Your objective. Restate the records below word for word, and omit the images they hold.

►

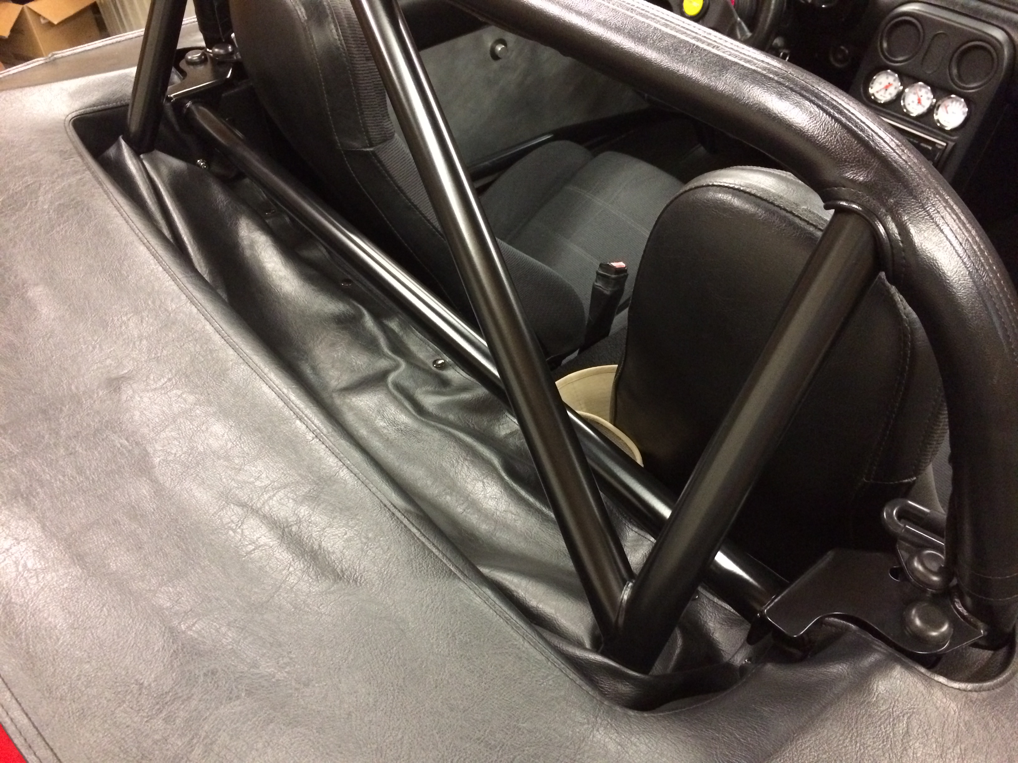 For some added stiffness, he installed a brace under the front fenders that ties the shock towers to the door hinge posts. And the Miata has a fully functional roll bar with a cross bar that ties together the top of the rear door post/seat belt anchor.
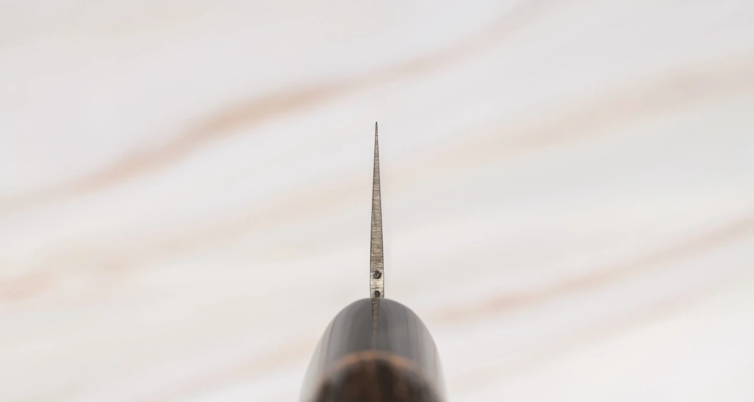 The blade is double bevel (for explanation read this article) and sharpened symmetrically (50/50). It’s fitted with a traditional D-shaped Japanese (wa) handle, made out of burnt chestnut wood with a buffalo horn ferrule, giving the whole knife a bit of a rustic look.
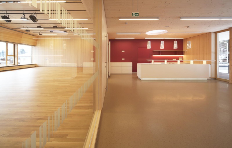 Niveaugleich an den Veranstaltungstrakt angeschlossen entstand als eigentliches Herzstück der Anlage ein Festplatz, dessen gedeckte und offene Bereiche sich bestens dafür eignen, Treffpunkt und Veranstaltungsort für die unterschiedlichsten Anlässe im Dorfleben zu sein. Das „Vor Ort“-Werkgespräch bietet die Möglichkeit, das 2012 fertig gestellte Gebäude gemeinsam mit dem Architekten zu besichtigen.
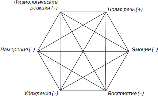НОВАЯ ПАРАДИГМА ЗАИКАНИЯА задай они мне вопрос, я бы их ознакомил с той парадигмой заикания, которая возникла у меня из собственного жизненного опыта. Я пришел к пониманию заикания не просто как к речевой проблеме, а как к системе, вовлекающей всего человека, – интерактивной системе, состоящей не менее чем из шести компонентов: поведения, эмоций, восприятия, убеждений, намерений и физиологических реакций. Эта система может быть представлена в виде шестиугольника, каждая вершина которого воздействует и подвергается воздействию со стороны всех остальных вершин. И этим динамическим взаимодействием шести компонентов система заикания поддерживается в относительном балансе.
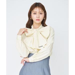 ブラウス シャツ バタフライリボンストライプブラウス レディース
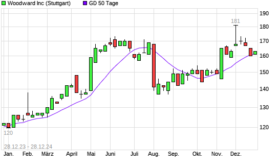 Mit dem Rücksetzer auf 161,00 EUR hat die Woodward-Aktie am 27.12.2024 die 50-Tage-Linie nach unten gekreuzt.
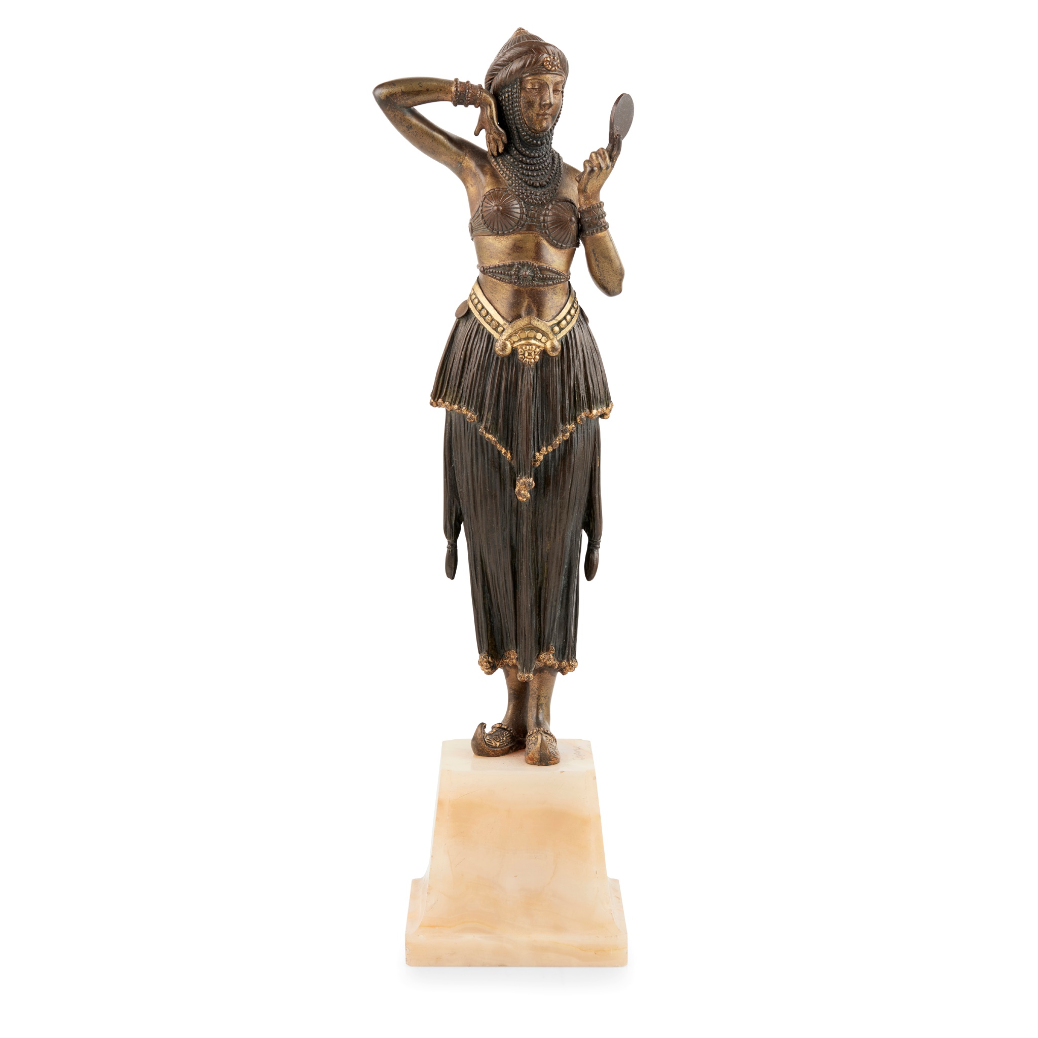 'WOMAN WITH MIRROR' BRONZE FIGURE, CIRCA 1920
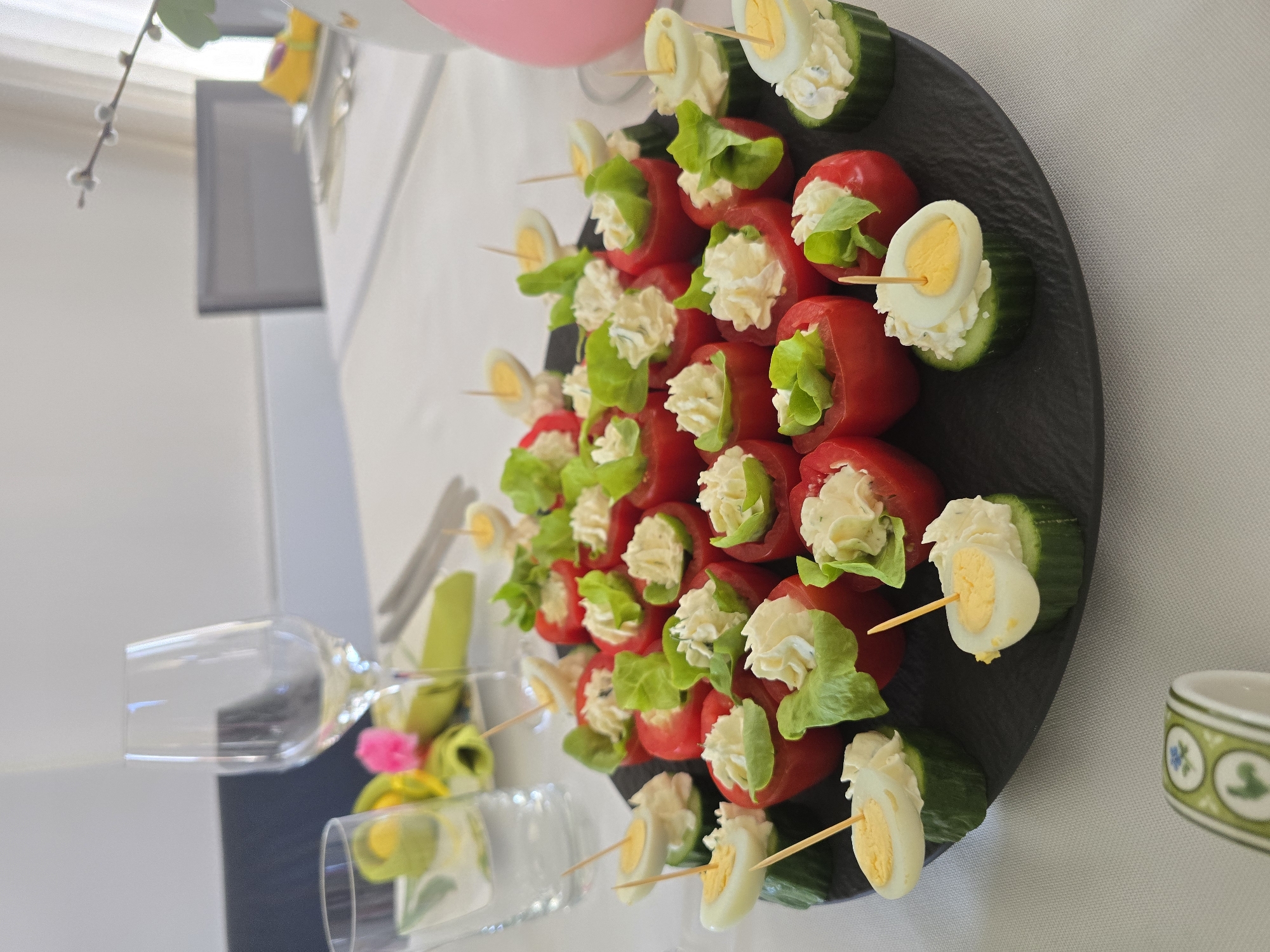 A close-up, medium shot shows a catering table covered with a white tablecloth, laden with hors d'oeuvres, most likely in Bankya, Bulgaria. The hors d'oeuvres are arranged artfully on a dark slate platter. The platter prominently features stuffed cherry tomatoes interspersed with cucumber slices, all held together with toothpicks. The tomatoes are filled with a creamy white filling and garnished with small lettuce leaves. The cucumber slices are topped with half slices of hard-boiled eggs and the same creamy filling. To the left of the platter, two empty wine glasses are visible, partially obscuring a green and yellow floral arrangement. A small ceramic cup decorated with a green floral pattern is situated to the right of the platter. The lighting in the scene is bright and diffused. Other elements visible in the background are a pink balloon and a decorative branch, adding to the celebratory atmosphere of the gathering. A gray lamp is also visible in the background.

◄

Expected answer.
 For some added stiffness, he installed a brace under the front fenders that ties the shock towers to the door hinge posts. And the Miata has a fully functional roll bar with a cross bar that ties together the top of the rear door post/seat belt anchor.
 The blade is double bevel (for explanation read this article) and sharpened symmetrically (50/50). It’s fitted with a traditional D-shaped Japanese (wa) handle, made out of burnt chestnut wood with a buffalo horn ferrule, giving the whole knife a bit of a rustic look.
 Niveaugleich an den Veranstaltungstrakt angeschlossen entstand als eigentliches Herzstück der Anlage ein Festplatz, dessen gedeckte und offene Bereiche sich bestens dafür eignen, Treffpunkt und Veranstaltungsort für die unterschiedlichsten Anlässe im Dorfleben zu sein. Das „Vor Ort“-Werkgespräch bietet die Möglichkeit, das 2012 fertig gestellte Gebäude gemeinsam mit dem Architekten zu besichtigen.
НОВАЯ ПАРАДИГМА ЗАИКАНИЯА задай они мне вопрос, я бы их ознакомил с той парадигмой заикания, которая возникла у меня из собственного жизненного опыта. Я пришел к пониманию заикания не просто как к речевой проблеме, а как к системе, вовлекающей всего человека, – интерактивной системе, состоящей не менее чем из шести компонентов: поведения, эмоций, восприятия, убеждений, намерений и физиологических реакций. Эта система может быть представлена в виде шестиугольника, каждая вершина которого воздействует и подвергается воздействию со стороны всех остальных вершин. И этим динамическим взаимодействием шести компонентов система заикания поддерживается в относительном балансе.
 ブラウス シャツ バタフライリボンストライプブラウス レディース
 Mit dem Rücksetzer auf 161,00 EUR hat die Woodward-Aktie am 27.12.2024 die 50-Tage-Linie nach unten gekreuzt.
 'WOMAN WITH MIRROR' BRONZE FIGURE, CIRCA 1920
 A close-up, medium shot shows a catering table covered with a white tablecloth, laden with hors d'oeuvres, most likely in Bankya, Bulgaria. The hors d'oeuvres are arranged artfully on a dark slate platter. The platter prominently features stuffed cherry tomatoes interspersed with cucumber slices, all held together with toothpicks. The tomatoes are filled with a creamy white filling and garnished with small lettuce leaves. The cucumber slices are topped with half slices of hard-boiled eggs and the same creamy filling. To the left of the platter, two empty wine glasses are visible, partially obscuring a green and yellow floral arrangement. A small ceramic cup decorated with a green floral pattern is situated to the right of the platter. The lighting in the scene is bright and diffused. Other elements visible in the background are a pink balloon and a decorative branch, adding to the celebratory atmosphere of the gathering. A gray lamp is also visible in the background.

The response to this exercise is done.